[SUPPLIED INFORMATION — start]

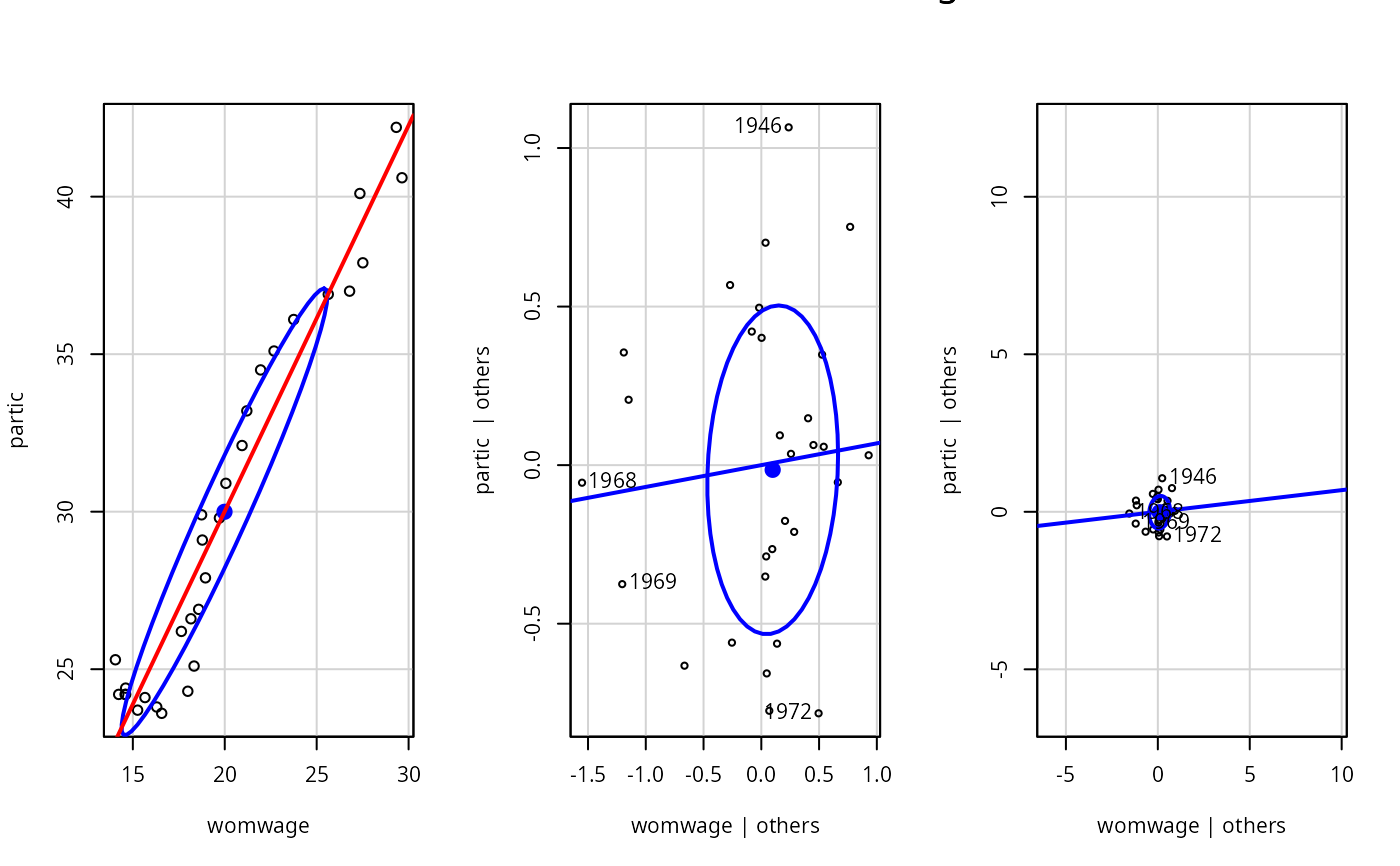 avPlots(m1, ~ womwage, ellipse=list(levels=0.5))
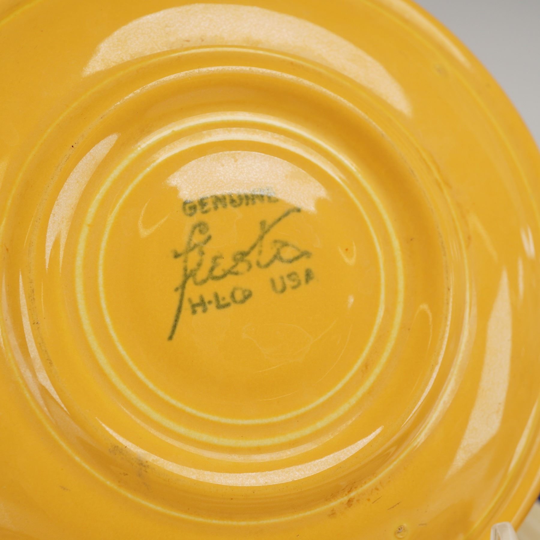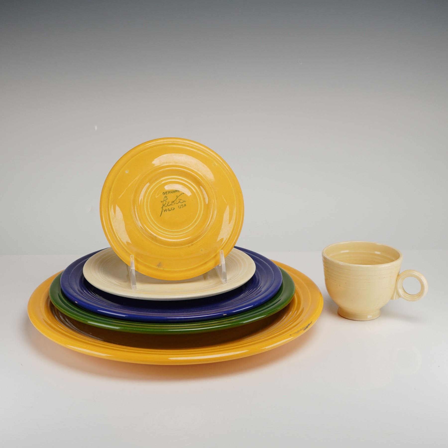 This 6pc homer laughlin company co. fiesta dinnerware grouping features the iconic Art Deco concentric ring pattern in a variety of vintage glazes. Produced by the Homer Laughlin Company, this vintage set includes a large yellow chop plate, a medium green dinner plate, a cobalt blue luncheon plate, and an ivory salad plate. Completing the collection is a yellow saucer with a matching ivory cup featuring the characteristic ring handle. The yellow saucer features the green underglaze backstamp reading GENUINE Fiesta H-L CO USA. Measurement is for largest item.
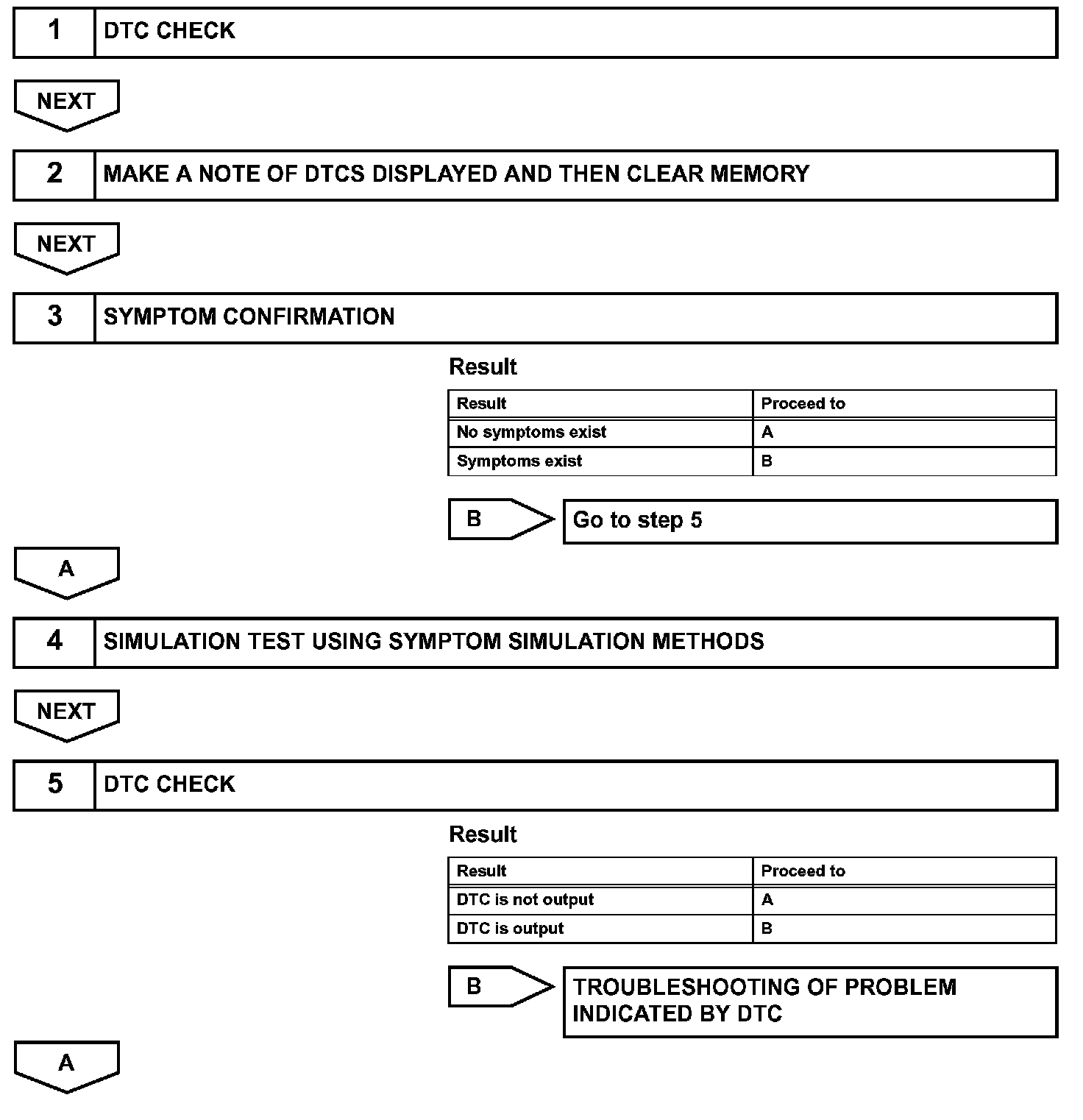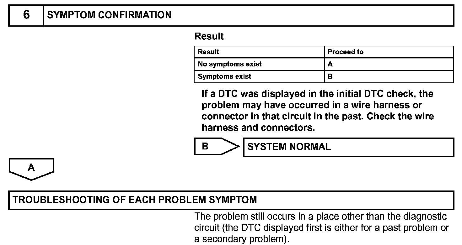 - In the DTC check, it is very important to determine whether the problem indicated by the DTC either: 1) still occurs, or 2) occurred in the past but has returned to normal. In addition, the DTC should be compared to the problem symptom to see if they are related. For this reason, DTCs should be checked before and after confirmation of symptoms (i.e., whether or not problem symptoms exist) to determine current system conditions, as shown in the flowchart.

[SUPPLIED INFORMATION — finish]

REQUIRED WORK: Return the complete material exactly as given, excluding images.

YOUR RESPONSE:
 avPlots(m1, ~ womwage, ellipse=list(levels=0.5))
 This 6pc homer laughlin company co. fiesta dinnerware grouping features the iconic Art Deco concentric ring pattern in a variety of vintage glazes. Produced by the Homer Laughlin Company, this vintage set includes a large yellow chop plate, a medium green dinner plate, a cobalt blue luncheon plate, and an ivory salad plate. Completing the collection is a yellow saucer with a matching ivory cup featuring the characteristic ring handle. The yellow saucer features the green underglaze backstamp reading GENUINE Fiesta H-L CO USA. Measurement is for largest item.
 - In the DTC check, it is very important to determine whether the problem indicated by the DTC either: 1) still occurs, or 2) occurred in the past but has returned to normal. In addition, the DTC should be compared to the problem symptom to see if they are related. For this reason, DTCs should be checked before and after confirmation of symptoms (i.e., whether or not problem symptoms exist) to determine current system conditions, as shown in the flowchart.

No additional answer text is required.